*TASK GOAL*. Please restate, exactly as they appear, only the lines from the one that contains "- From the [View]" to the final line of the entries, with no pictures.

-- ENTRIES SHOWN follows --

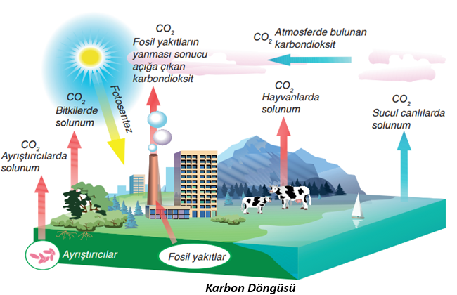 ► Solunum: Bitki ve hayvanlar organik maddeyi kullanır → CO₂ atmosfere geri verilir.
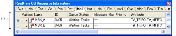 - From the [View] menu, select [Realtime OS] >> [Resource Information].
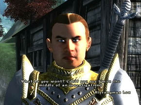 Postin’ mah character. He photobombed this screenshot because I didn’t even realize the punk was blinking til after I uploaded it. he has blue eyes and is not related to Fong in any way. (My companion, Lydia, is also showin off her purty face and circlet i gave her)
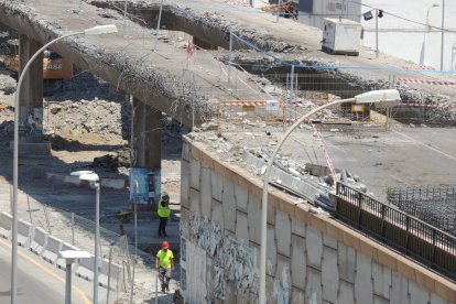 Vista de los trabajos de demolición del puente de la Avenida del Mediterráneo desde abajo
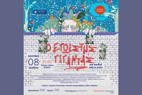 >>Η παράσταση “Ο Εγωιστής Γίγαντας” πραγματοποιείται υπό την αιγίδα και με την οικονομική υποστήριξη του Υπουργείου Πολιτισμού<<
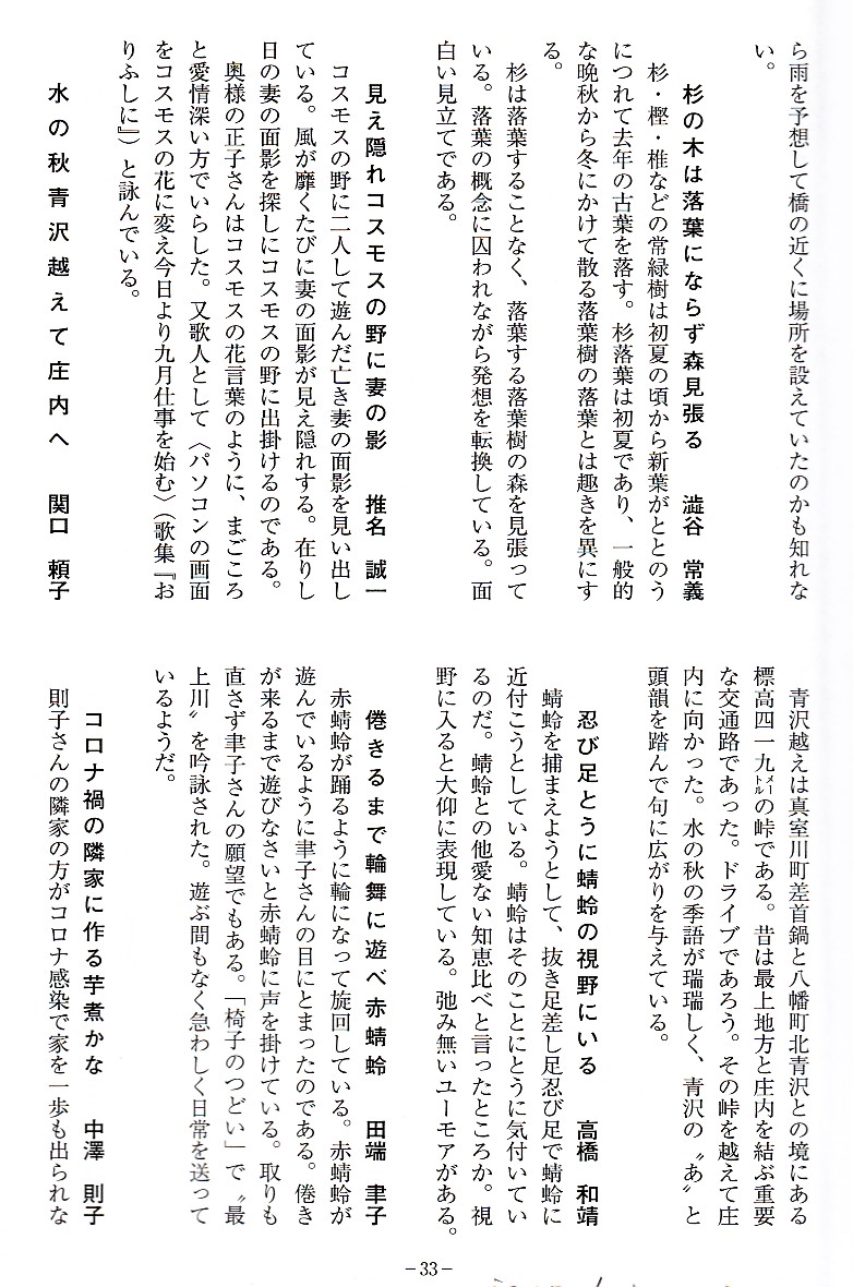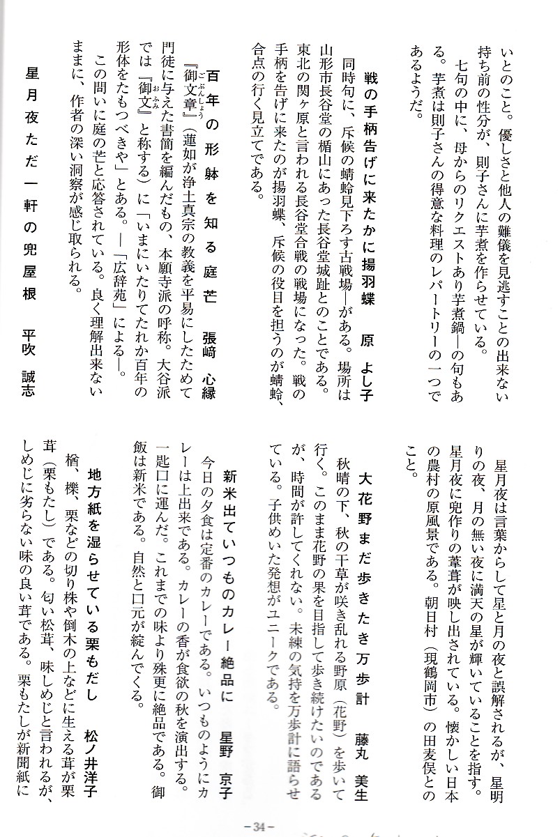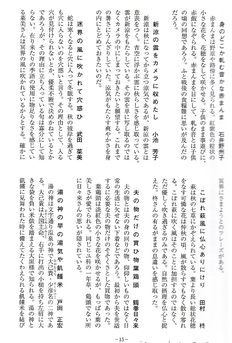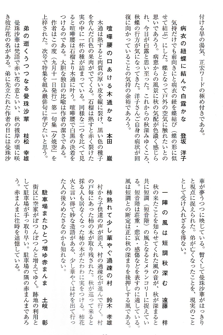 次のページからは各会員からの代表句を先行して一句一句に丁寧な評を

-- ENTRIES SHOWN concluded --

*WRITTEN REPLY*.
 - From the [View] menu, select [Realtime OS] >> [Resource Information].
 Postin’ mah character. He photobombed this screenshot because I didn’t even realize the punk was blinking til after I uploaded it. he has blue eyes and is not related to Fong in any way. (My companion, Lydia, is also showin off her purty face and circlet i gave her)
 Vista de los trabajos de demolición del puente de la Avenida del Mediterráneo desde abajo
 >>Η παράσταση “Ο Εγωιστής Γίγαντας” πραγματοποιείται υπό την αιγίδα και με την οικονομική υποστήριξη του Υπουργείου Πολιτισμού<<
 次のページからは各会員からの代表句を先行して一句一句に丁寧な評を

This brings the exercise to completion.